Given material:
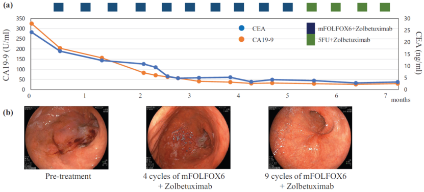 图5.(a)接受mFOLFOX6+佐妥昔单抗治疗期间的肿瘤标志物(CEA和CA 19-9)变化。(b)mFOLFOX6+佐妥昔单抗治疗前胃镜检查示Borrmann III型胃癌,mFOLFOX6+佐妥昔单抗治疗4个周期后肿瘤体积缩小,mFOLFOX6+佐妥昔单抗治疗9个周期后肿瘤消失
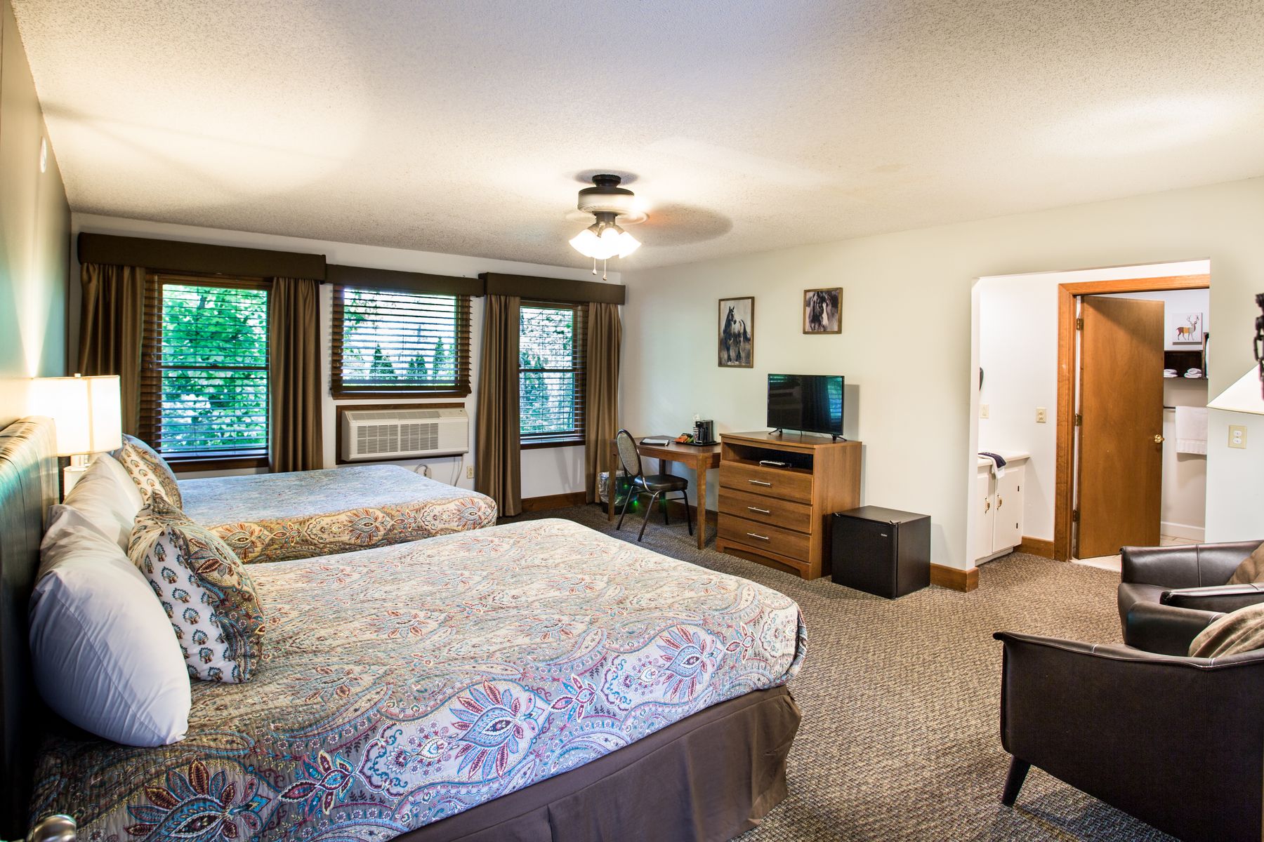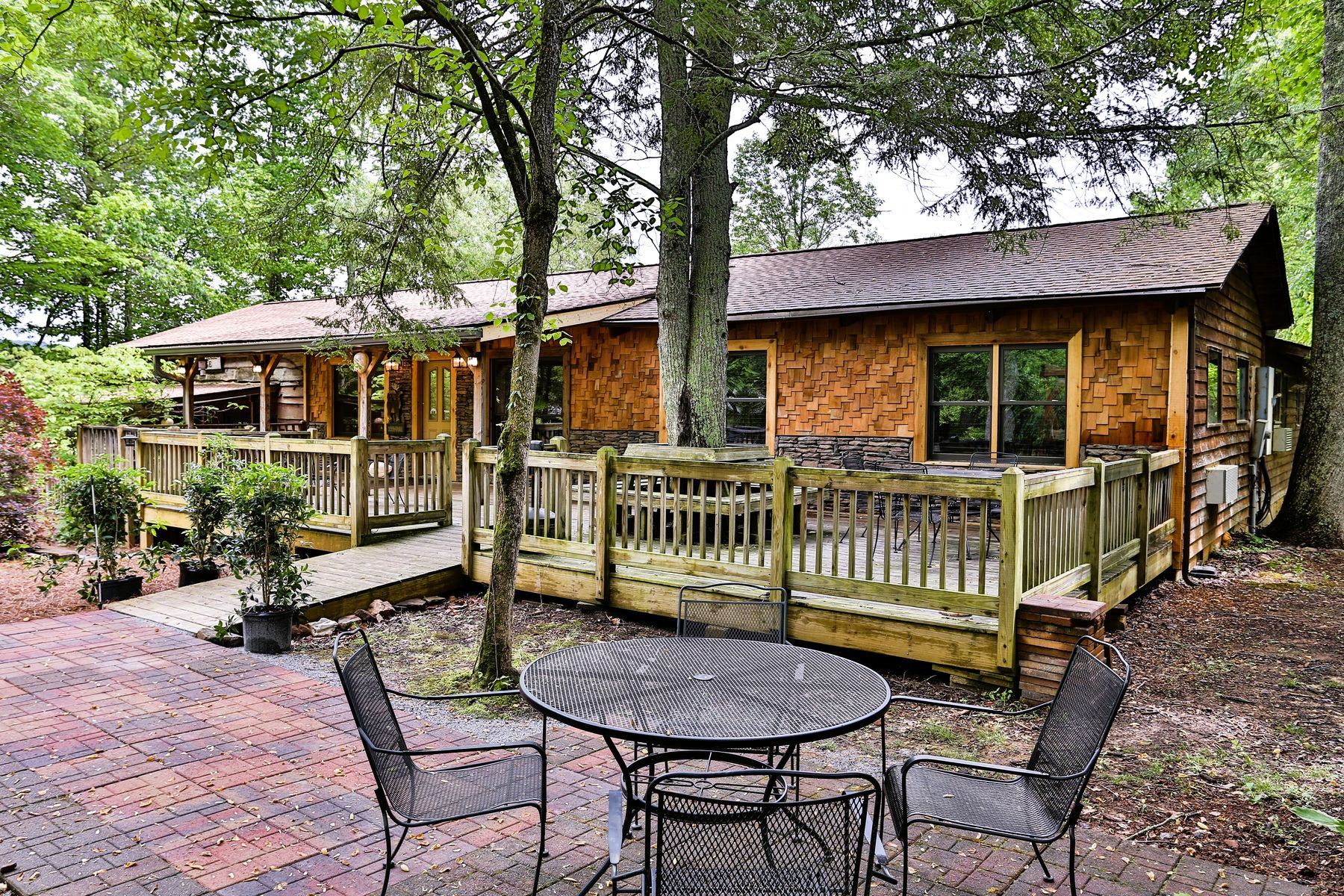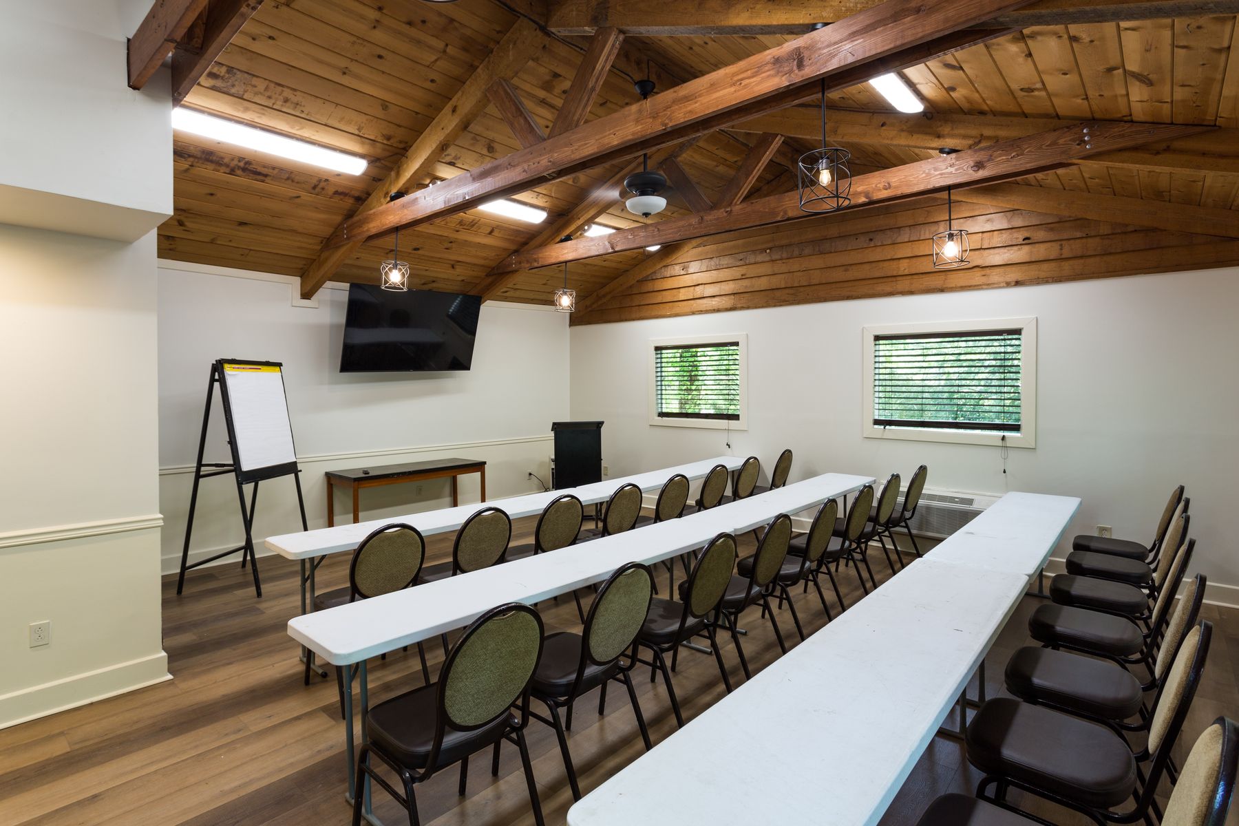 8 hotel rooms, each with 2 queen beds, plus hospitality room, & meeting space – Four large decks. Next to fire pit. Total: 16 queen beds. NO PETS
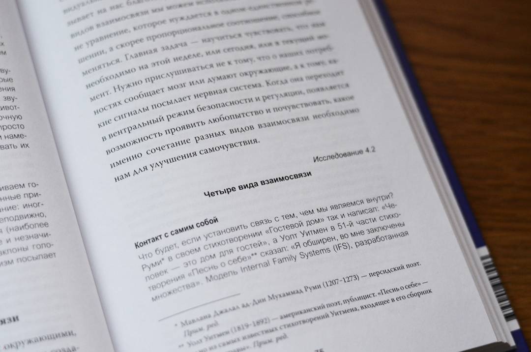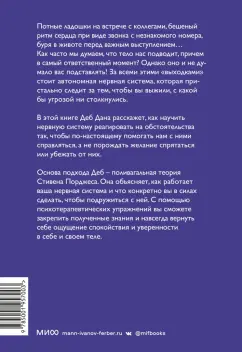 ОписаниеРуководство от клинического психолога и основательницы Polyvagal Institute, которое поможет прийти к спокойствию, безопасности через изучение нервной системы своего тела.Напряженный разговор, ссора с партнером или неприятный твит - все это вполне обычные ситуации, но часто мы реагируем так, будто нам грозит ужасная опасность. Дело в том, что наша нервная система воспринимает угрозы одинаково — независимо от того, с чем мы реально имеем дело. Неоправданно острая реакция нашей нервной системы часто становится серьезной проблемой, однако есть очень эффективный подход, благодаря которому мы все можем научиться воспринимать мир как легкий и безопасный. Это поливагальная теория.Эксперт и клинический консультант Деб Дана доступно объясняет основные положения поливагальной теории, а затем рассказывает, как претворить науку в жизнь: приводит практические инструменты, которые помогут изменить ваши отношения со своим телом и которые очень легко внедрить в повседневную жизнь. Дана поможет вам овладеть навыками, позволяющими лучше осознавать свою нервную систему — и изменять то, как вы реагируете на серьезные и не очень жизненные вызовы.СвернутьРуководство от клинического психолога и основательницы Polyvagal Institute, которое поможет прийти к спокойствию, безопасности через изучение нервной системы своего тела.Напряженный разговор, ссора с партнером или неприятный твит - все это вполне обычные ситуации, но часто мы реагируем так, будто нам грозит ужасная опасность. Дело в том, что наша нервная система воспринимает угрозы одинаково — независимо от того, с чем мы реально имеем дело. Неоправданно острая реакция нашей нервной системы часто становится серьезной проблемой, однако есть очень эффективный подход, благодаря которому мы все можем научиться воспринимать мир как легкий и безопасный. Это поливагальная теория.Эксперт и клинический консультант Деб Дана доступно объясняет основные положения поливагальной теории, а затем рассказывает, как претворить науку в жизнь: приводит практические инструменты, которые помогут изменить ваши отношения со своим телом и которые очень легко внедрить в повседневную жизнь. Дана поможет вам овладеть навыками, позволяющими лучше осознавать свою нервную систему — и изменять то, как вы реагируете на серьезные и не очень жизненные вызовы.СвернутьСвернуть

Task description: Exact copy, pictures removed: set down the whole listing above.

Exercise solution:
 图5.(a)接受mFOLFOX6+佐妥昔单抗治疗期间的肿瘤标志物(CEA和CA 19-9)变化。(b)mFOLFOX6+佐妥昔单抗治疗前胃镜检查示Borrmann III型胃癌,mFOLFOX6+佐妥昔单抗治疗4个周期后肿瘤体积缩小,mFOLFOX6+佐妥昔单抗治疗9个周期后肿瘤消失
 8 hotel rooms, each with 2 queen beds, plus hospitality room, & meeting space – Four large decks. Next to fire pit. Total: 16 queen beds. NO PETS
 ОписаниеРуководство от клинического психолога и основательницы Polyvagal Institute, которое поможет прийти к спокойствию, безопасности через изучение нервной системы своего тела.Напряженный разговор, ссора с партнером или неприятный твит - все это вполне обычные ситуации, но часто мы реагируем так, будто нам грозит ужасная опасность. Дело в том, что наша нервная система воспринимает угрозы одинаково — независимо от того, с чем мы реально имеем дело. Неоправданно острая реакция нашей нервной системы часто становится серьезной проблемой, однако есть очень эффективный подход, благодаря которому мы все можем научиться воспринимать мир как легкий и безопасный. Это поливагальная теория.Эксперт и клинический консультант Деб Дана доступно объясняет основные положения поливагальной теории, а затем рассказывает, как претворить науку в жизнь: приводит практические инструменты, которые помогут изменить ваши отношения со своим телом и которые очень легко внедрить в повседневную жизнь. Дана поможет вам овладеть навыками, позволяющими лучше осознавать свою нервную систему — и изменять то, как вы реагируете на серьезные и не очень жизненные вызовы.СвернутьРуководство от клинического психолога и основательницы Polyvagal Institute, которое поможет прийти к спокойствию, безопасности через изучение нервной системы своего тела.Напряженный разговор, ссора с партнером или неприятный твит - все это вполне обычные ситуации, но часто мы реагируем так, будто нам грозит ужасная опасность. Дело в том, что наша нервная система воспринимает угрозы одинаково — независимо от того, с чем мы реально имеем дело. Неоправданно острая реакция нашей нервной системы часто становится серьезной проблемой, однако есть очень эффективный подход, благодаря которому мы все можем научиться воспринимать мир как легкий и безопасный. Это поливагальная теория.Эксперт и клинический консультант Деб Дана доступно объясняет основные положения поливагальной теории, а затем рассказывает, как претворить науку в жизнь: приводит практические инструменты, которые помогут изменить ваши отношения со своим телом и которые очень легко внедрить в повседневную жизнь. Дана поможет вам овладеть навыками, позволяющими лучше осознавать свою нервную систему — и изменять то, как вы реагируете на серьезные и не очень жизненные вызовы.СвернутьСвернуть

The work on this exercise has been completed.